Work task> Set down, exactly as written, the lines from the top of the data to the line that holds "used GRACE CONTINENTAL", and omit the pictures.

Data entries>
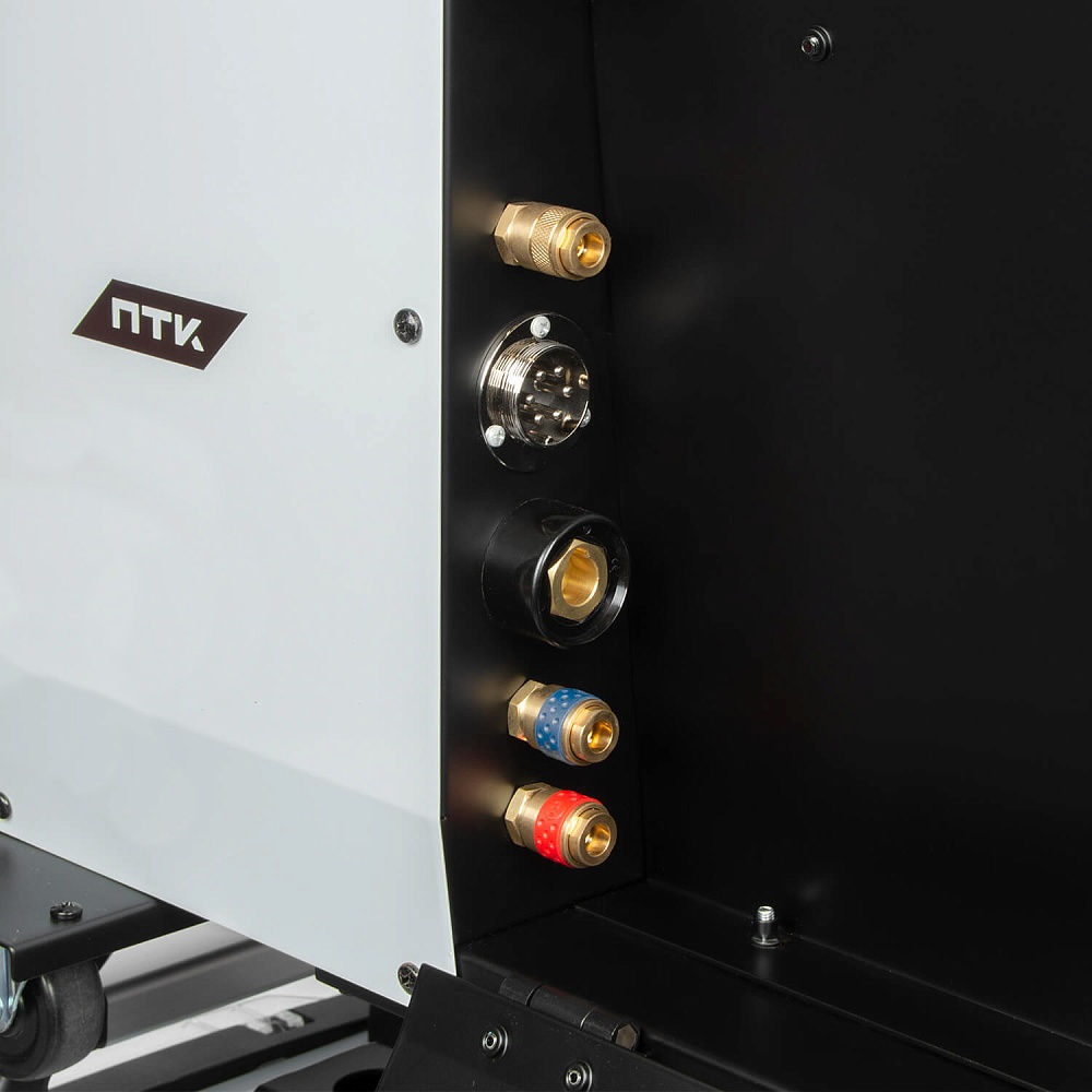 - К аппарату можно подключить аргонодуговые горелки с воздушным и водяным охлаждением. При этом возможна работа аргонодуговой горелки в режиме 2T/4T, т.е. сварка коротких и длинных швов.
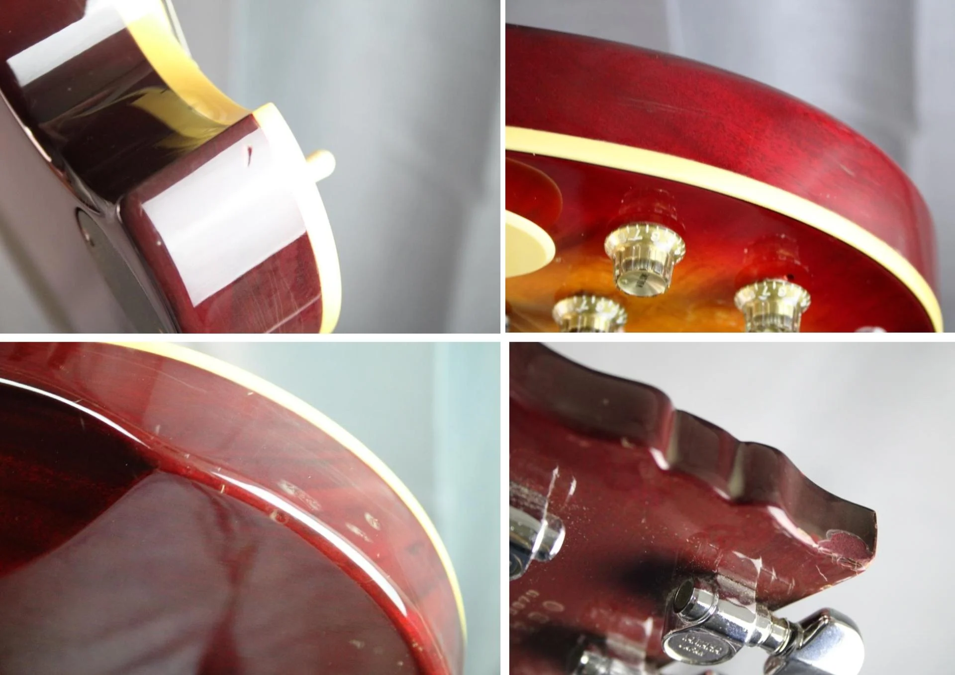 Quelques rayures, marques de vie, frettes en très bon état : 8/10 (voir photos pour plus de précisions). Gros sustain et résonance.
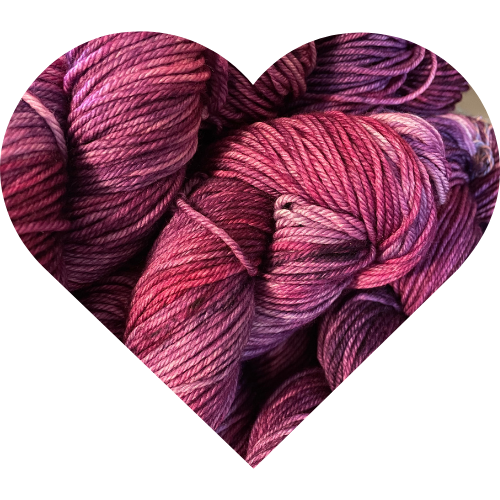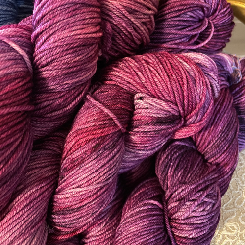 As the yarn moves through your hands, deeper berry and muted purple tones emerge. Because each skein is dyed slowly in small batches, subtle shifts appear across the fiber, creating a richness that feels steady rather than dramatic. These variations give the yarn character while still allowing harmony across a finished piece.
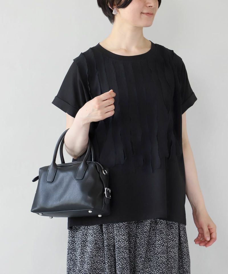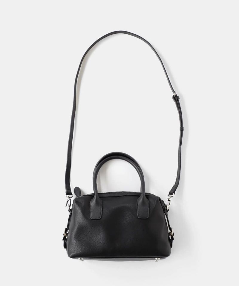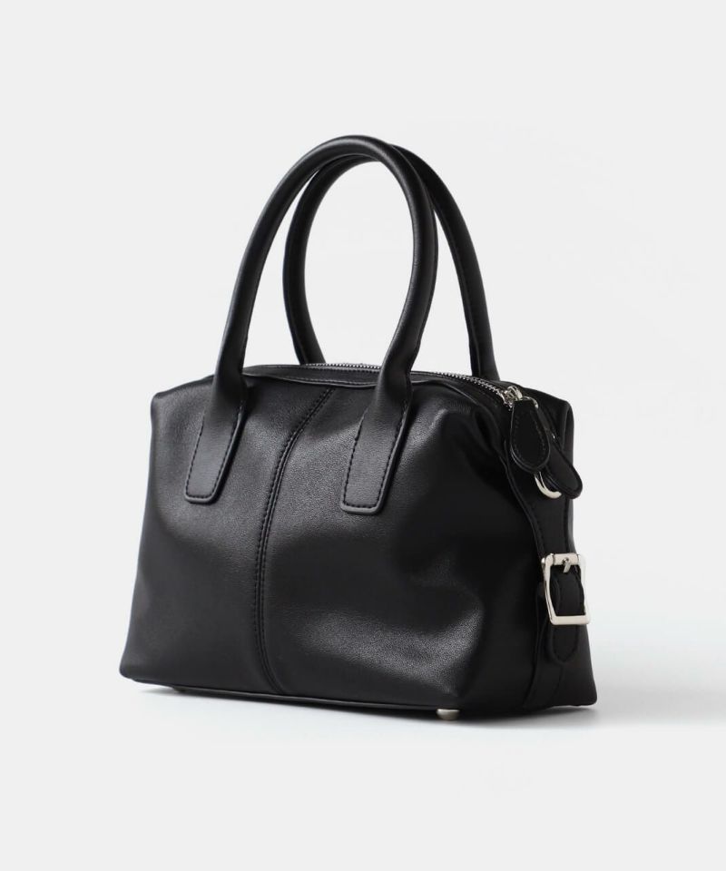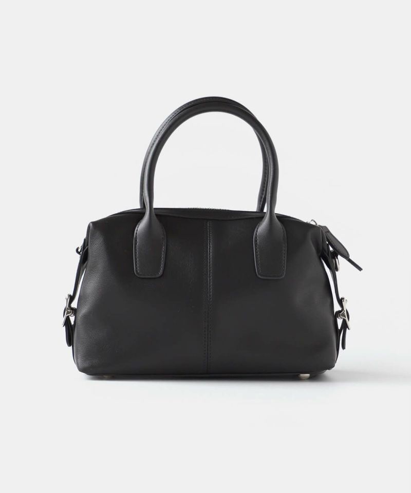 牛革のサイドにベルトのデザインがはいったハンドバッグ。 ショルダーストラップが付属している2WAY仕様です。 シボ感や光沢のないスムースな革の質感で、しっかりとした形は保ちながら適度に柔らかく扱いやすいバッグです。
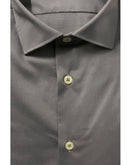 Elevate your wardrobe with the Baldinini Trend Slim Fit Shirt. A perfect blend of Italian craftsmanship and contemporary style, this shirt features a sleek French collar and sophisticated front button closure. Its tailored cut ensures a sharp silhouette, while the subtle gray hue adds versatility to your ensemble. Comfort and elegance meet with a composition that gently contours to your figure, offering a hint of stretch for all-day wear.
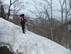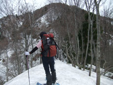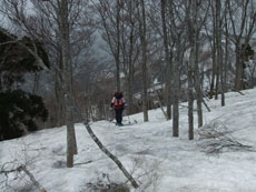 雪の急斜面の突端はヤブだったが、再び 林道に出て、5~10分程七姫山側に歩き、 940m付近で、右側の尾根に取り付く。 |
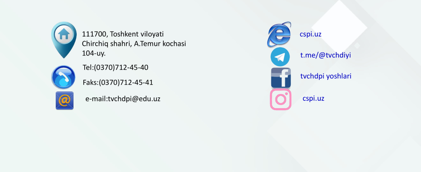 Мазкур университет юзасидан сизда савол ва таклифлар туғилган бўлса, қуйидаги манзилга ва рақамларга мурожаат қилишингиз мумкин:
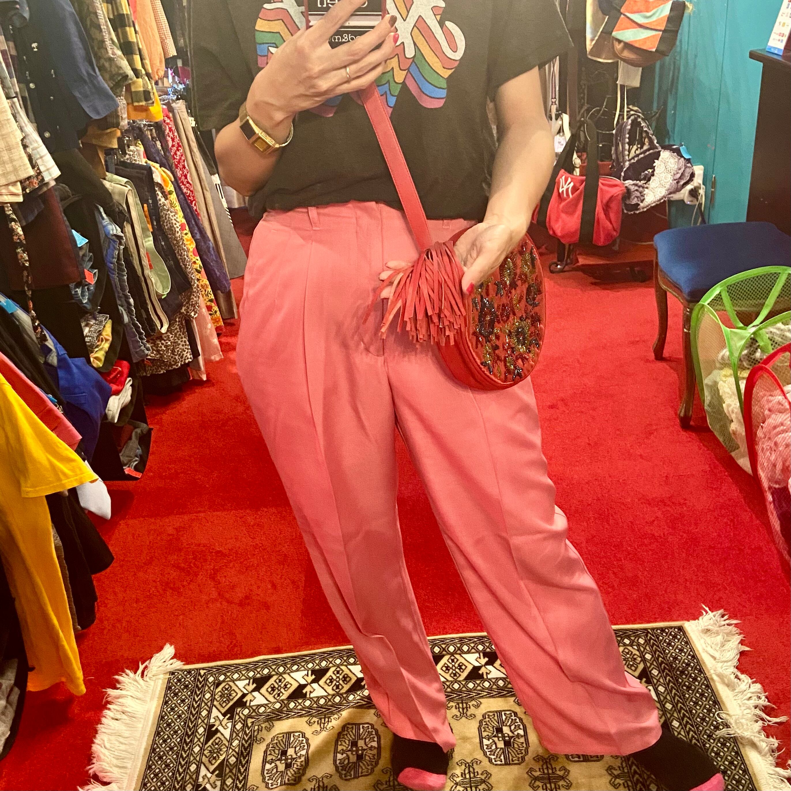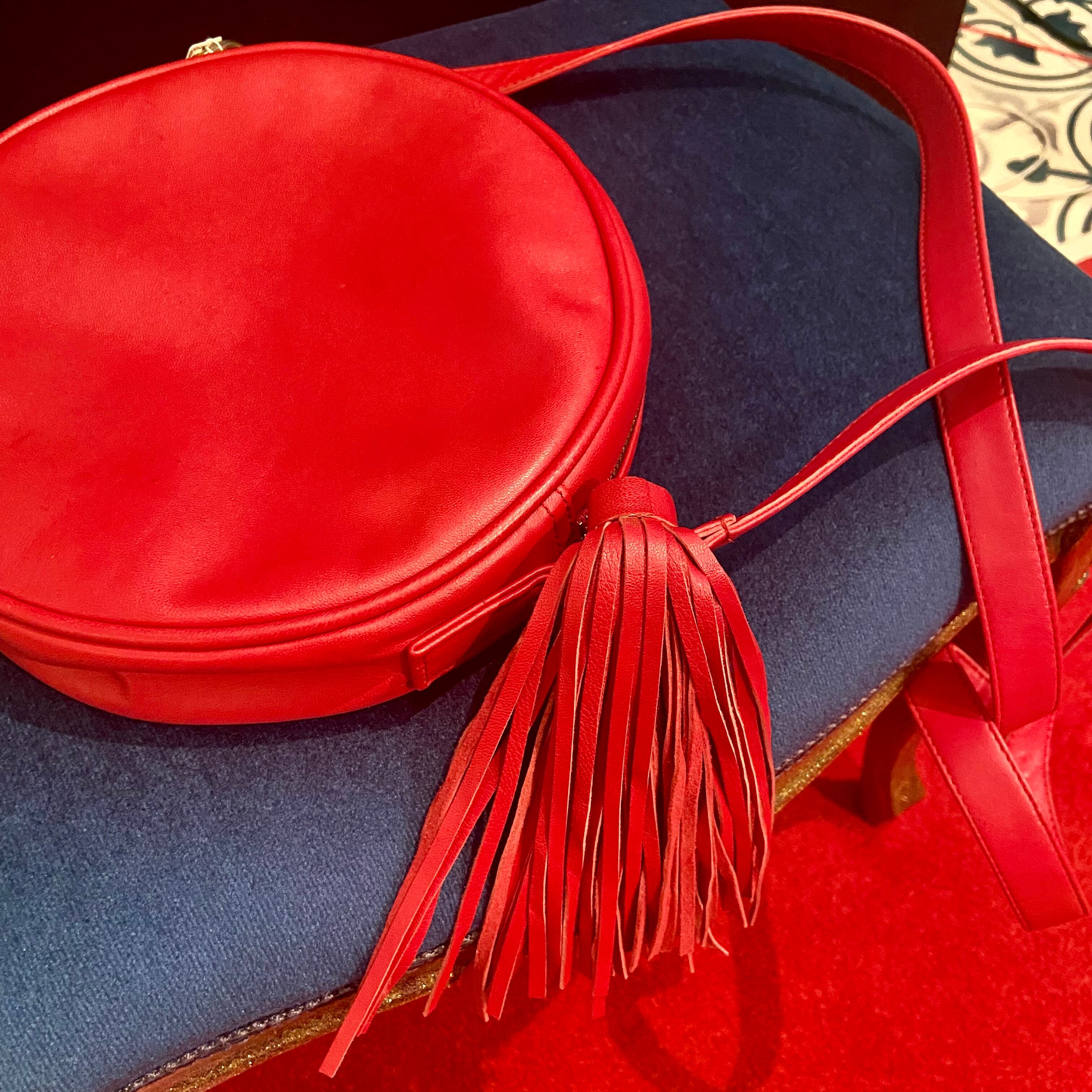 used GRACE CONTINENTAL 赤ビーズ刺繍ポシェット 丸型バッグ ショルダー
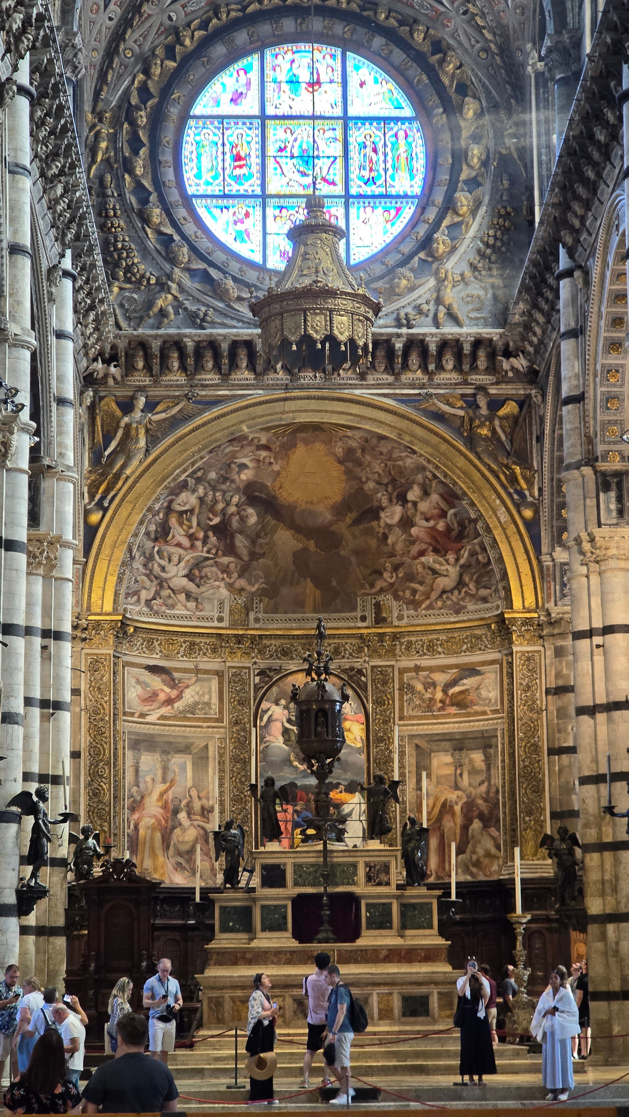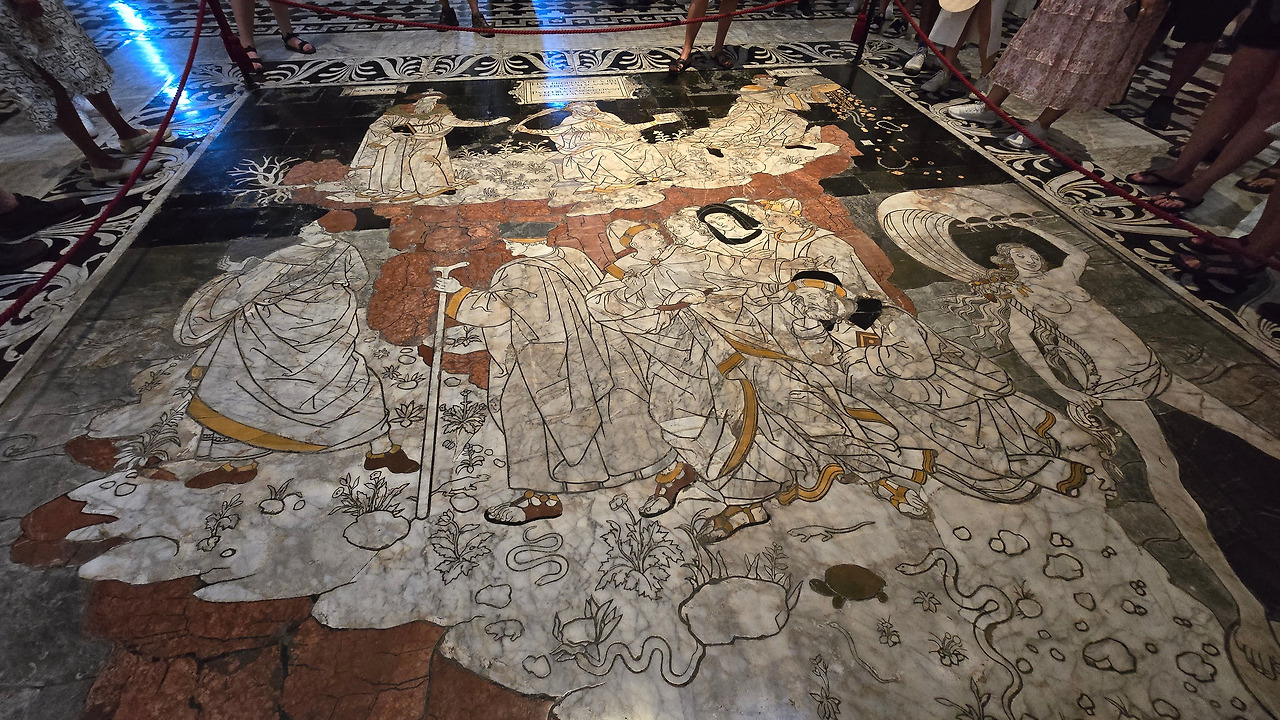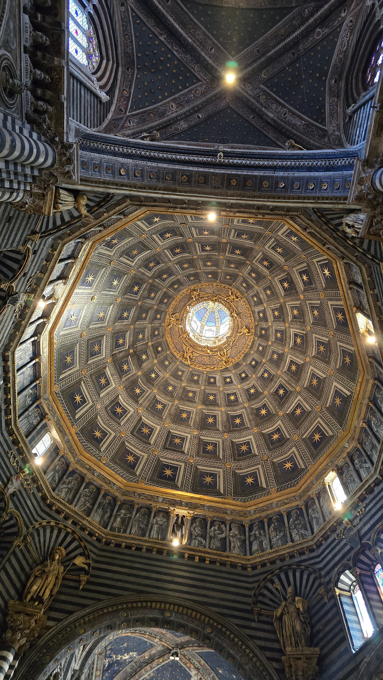 반복하지만 시에나 두오모를 역시나 하게 하는 가장 큰 이유는 흑백의 줄무늬인데, 이건 신들에게 제사를 드릴 때 흰 연기와 검은 연기를 피워 올린데 기원한다고 한다. 이것이 어쩜 누군가에게 가장 인상적인 성당으로 자리 잡게 하는 요인이며, 베르니니가 만든 황금을 상징한 돔 천장과 다른 어느 곳에서 볼 수 없는 상감기법의 대리석 바닥과 미켈란젤로, 니콜라 피사노의 작품 등이 절묘하게 어울려 베니스와 피렌체, 로마의 어느 성당에도 뒤지지 않을 걸작인 건만은 확실하지만. 역시나 이 또한 인간이 만들었다는. 비록, 피렌체에 밀리긴 했어도 시에나의 위세가 얼마나 대단했는지 알 수 있는 성당이다.
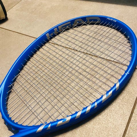 Head Instinct tennisracket i blå farge med hvitt grep.
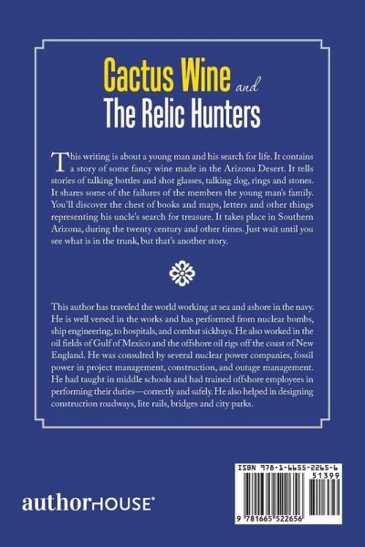 This writing is about a young man and his search for life. It contains a story of some fancy wine made in the Arizona Desert. It tells stories of talking bottles and shot glasses, talking dog, rings and stones. It shares some of the failures of the members the young man's family. You'll discover the chest of books and maps, letters and other things representing his uncle's search for treasure. It takes place in Southern Arizona, during the twenty century and other times. Just wait until you see what is in the trunk, but that's another story.
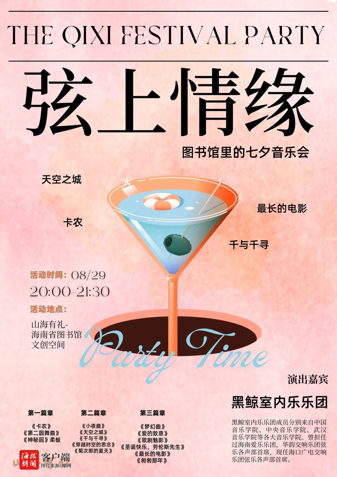 同日,“弦上情缘”图书馆里的七夕音乐会也将于山海有礼-海南省图书馆文创空间优雅奏响。黑鲸室内乐乐团将演绎多首经典曲目,在书香与琴韵交织的氛围中,为观众带来一场高雅而又温暖的心灵抚慰。
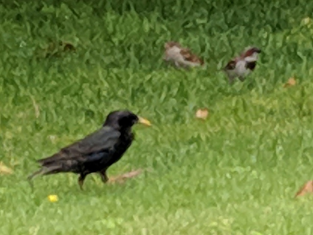 After several days not being able to see any of the birds I could hear when I went for a walk on break from work, I saw a whole bunch of them hanging out on a lawn, eating seeds or bugs or whatever it is that these particular birds eat. Of course since I’d been walking to lunch, the only camera I had with me was my phone. No optical zoom, and I couldn’t get too close without spooking them. I figured what the heck, I’d give it a shot (or several) with the phone and see if I got something clear enough to post to iNaturalist.
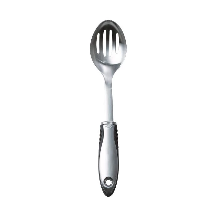 Sleek aesthetics and ergonomic design define the OXO SteeL line of kitchen and household tools. They feature brushed stainless steel handles for durability and flexible fins for ultimate comfort. The OXO SteeL Serving Slotted Spoon is perfect for stirring, straining and serving vegetables.

Answer to the exercise>
 - К аппарату можно подключить аргонодуговые горелки с воздушным и водяным охлаждением. При этом возможна работа аргонодуговой горелки в режиме 2T/4T, т.е. сварка коротких и длинных швов.
 Quelques rayures, marques de vie, frettes en très bon état : 8/10 (voir photos pour plus de précisions). Gros sustain et résonance.
 As the yarn moves through your hands, deeper berry and muted purple tones emerge. Because each skein is dyed slowly in small batches, subtle shifts appear across the fiber, creating a richness that feels steady rather than dramatic. These variations give the yarn character while still allowing harmony across a finished piece.
 牛革のサイドにベルトのデザインがはいったハンドバッグ。 ショルダーストラップが付属している2WAY仕様です。 シボ感や光沢のないスムースな革の質感で、しっかりとした形は保ちながら適度に柔らかく扱いやすいバッグです。
 Elevate your wardrobe with the Baldinini Trend Slim Fit Shirt. A perfect blend of Italian craftsmanship and contemporary style, this shirt features a sleek French collar and sophisticated front button closure. Its tailored cut ensures a sharp silhouette, while the subtle gray hue adds versatility to your ensemble. Comfort and elegance meet with a composition that gently contours to your figure, offering a hint of stretch for all-day wear.
 雪の急斜面の突端はヤブだったが、再び 林道に出て、5~10分程七姫山側に歩き、 940m付近で、右側の尾根に取り付く。 |
 Мазкур университет юзасидан сизда савол ва таклифлар туғилган бўлса, қуйидаги манзилга ва рақамларга мурожаат қилишингиз мумкин:
 used GRACE CONTINENTAL 赤ビーズ刺繍ポシェット 丸型バッグ ショルダー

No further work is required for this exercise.